You missed several important steps. The pickup driver throws it into the truck. Then the unloader throws it on the belt but misses it and it hits the ground hard. Within the system it’s dropped , kicked, or thrown several more times. Then the loader throws it into the package car for final delivery. Now enter your quote:


----------



## Saving Tempest (Jan 3, 2019)

catfish said:


> If you order one UPS will gladly throw it in your yard as their truck drives by.




It'll require a damage claim...


----------



## Saving Tempest (Jan 3, 2019)

Stick to luggage...


----------



## catfish (Jan 3, 2019)

sccruiser said:


> How come there not brown ?



I bet they figured it would be to easy to make a joke about it being a UPS POS if it was brown...


----------



## catfish (Jan 3, 2019)

kreika said:


> You missed several important steps. The pickup driver throws it into the truck. Then the unloader throws it on the belt but misses it and it hits the ground hard. Within the system it’s dropped , kicked, or thrown several more times. Then the loader throws it into the package car for final delivery. Now enter your quote:



Yes!


----------



## catfish (Jan 3, 2019)

island schwinn said:


> Notice they will be Drop Shipped.



They drop ship everything....


----------



## morton (Jan 4, 2019)

Re the cruiser, "shorty" fenders suck!  Get real fenders or leave em' off entirely,


----------



## Jeff54 (Jan 4, 2019)

kreika said:


> You missed several important steps. The pickup driver throws it into the truck. Then the unloader throws it on the belt but misses it and it hits the ground hard. Within the system it’s dropped , kicked, or thrown several more times. Then the loader throws it into the package car for final delivery. Now enter your quote:




Nope you missed the  final steps.  Once the package has been tossed into truck (package car) it's driven everywhere but its destination for days or weeks, it could even go right by your place multiple times but, to insure it's properly beaten to crap, the driver can't drop it off until it has. .

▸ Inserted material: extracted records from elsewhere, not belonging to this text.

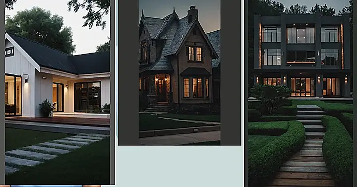 This house is like a fancy, grown-up version of a gingerbread house, with lots of windows so you can peek inside and see all the cool stuff. It’s got sleek lines, a bit of a mysterious vibe, and a lawn so perfectly manicured it looks like a giant green carpet! Imagine sitting on that patio and just relaxing with a good book – you’d feel like you were in a movie!
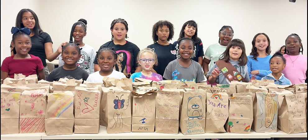 Troop 118108 donated prepackaged food and drinks, decorated bags with positive affirmations and packed meals for children in the Greater Houston area. All 87 meal bags were donated to Kids Meals Inc.
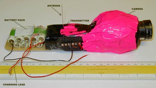 Latest camera pod design, shown below - about 230mm long, with camera and transmitter encased in foam and plastic sheeting. The tiny tinned copper wire antenna works surprisingly well.
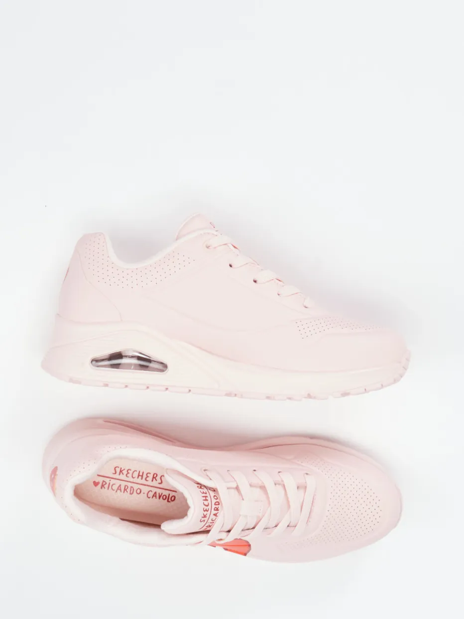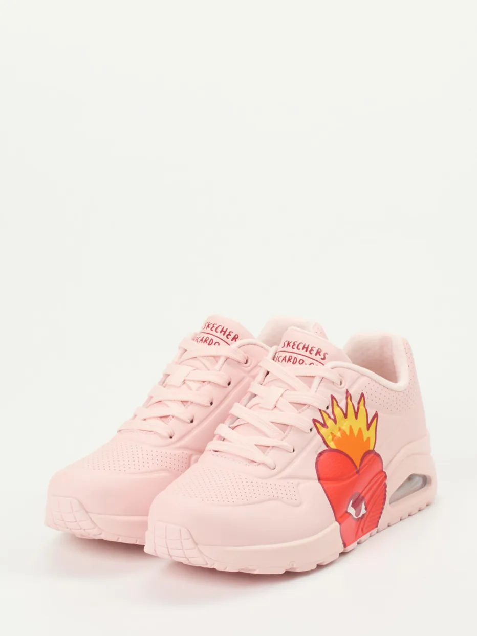 Ob beim City-Bummel oder auf Events – dieser Sneaker vereint Komfort mit pop-artiger Individualität. Glattes Leder trifft auf eine matte Oberfläche und ein auffälliges Herz-Flammen-Motiv des Künstlers Ricardo Cavolo. Das Design auf pastellrosafarbenem Grund erhält durch orange-rote Akzente besondere Tiefe. Luftpolster an der Ferse sowie eine perforierte Zehenbox sorgen für Tragekomfort und Atmungsaktivität. Die tonale Gummisohle unterstützt den sportlich-klassischen Schnitt, während die Streetwear-Ästhetik echte Statement-Qualitäten bietet. Styling-Tipp: Lässig mit pastellfarbenen Socken und Mini-Rucksack kombinieren.
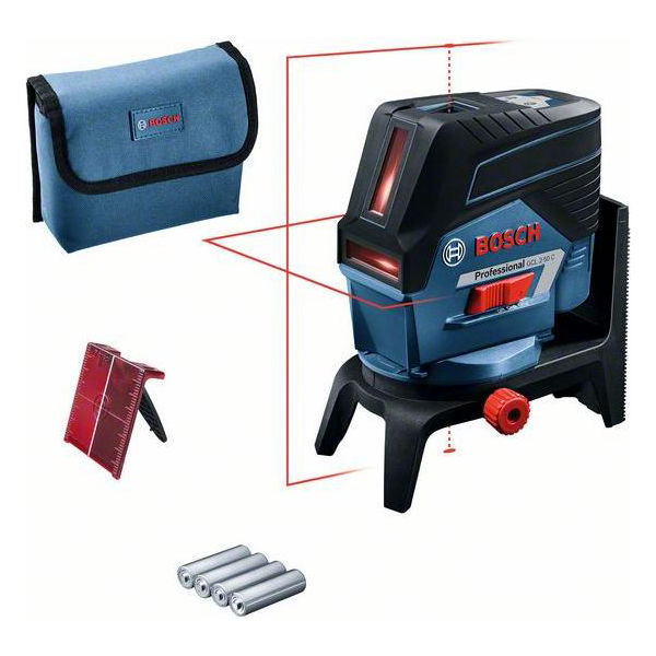 Kombilaser GCL 2-50 C. Der Kombilaser GCL 2-50 C Professional bietet für maximale Effizienz zahlreiche intelligente Funktionen. Über eine Bluetooth®-Verbindung ist ein Ausrichten des Werkzeugs per Fernsteuerung über eine Smartphone-App möglich, während dank Dual Power Source-Technologie der Betrieb sowohl mit 12-V-Li-Ion-Akku als auch mit Standard-Alkalinebatterien durchgeführt werden kann. Für die präzise Positionierung um die zentrierten Lotpunkte herum bietet die optionale RM 3 Professional eine motorgetriebene Steuerung, während mit der RM 2 Professional manuelle Anpassungen vorgenommen werden können. Das Gerät ist für horizontales und vertikales Ausrichten mit einem langen Überschwingen von fast 360° konzipiert und eignet sich für Projekte wie Trocken- und Innenausbauarbeiten. Die horizontalen und vertikalen Laserlinien und die beiden zentrierten Lotpunkte des GCL 2-50 C Professional bieten eine optimale Sicht von bis zu 20 m Entfernung ohne Empfänger und bis zu 50 m Entfernung mit Empfänger. Im Lieferumfang enthalten: AA1 Alkaline Akku-Adapter (1 608 M00 C1B), Laserzieltafel, Schutztasche, Drehhalterung RM 2 Professional (0 601 092 700), 4x 1,5 V-LR6-Batterie (AA)
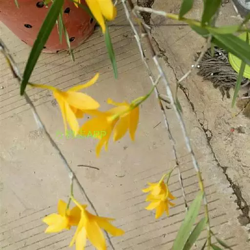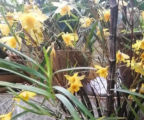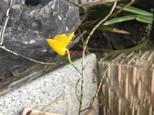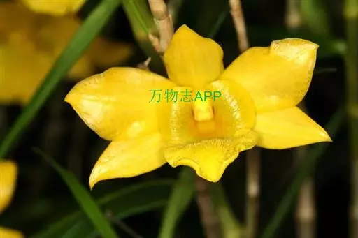 细叶石斛(学名:Dendrobium hancockii Rolfe):茎直立,质地较硬,圆柱形或有时基部上方有数个节间膨大而形成纺锤形,通常分枝,具纵槽或条棱。叶通常3-6枚,互生于主茎和分枝的上部,狭长圆形。总状花序长1-2.5厘米,具1-2朵花,花质地厚,稍具香气,开展,金黄色,仅唇瓣侧裂片内侧具少数红色条纹;花瓣斜倒卵形或近椭圆形,与中萼片等长而较宽,先端锐尖,具7条脉,唇瓣长宽相等,1-2厘米,基部具1个胼胝体,中部3裂。花期5-6月。

Then the final step: Toss it out of truck, kick and flip over to delivery point, (front porch, curb or two blocks away at drug dealer's residence)  stomp, jump and run!


----------



## Adamtinkerer (Jan 5, 2019)

sccruiser said:


> How come there not brown ?




Not much demand for brown bikes since the late '70s!


----------



## locomotion (Jan 5, 2019)

Here is the Fedex / Bikeflights model coming soon


----------



## 49autocycledeluxe (Jan 5, 2019)

you would think they would pick a better bike to hang their name on.


----------



## kreika (Jan 5, 2019)

49autocycledeluxe said:


> you would think they would pick a better bike to hang their name on.




Cheap, cheap, and cheap.


----------



## Balloonoob (Jan 31, 2019)

The beach cruiser must be the better buy..... It's over 100 dollars more.


----------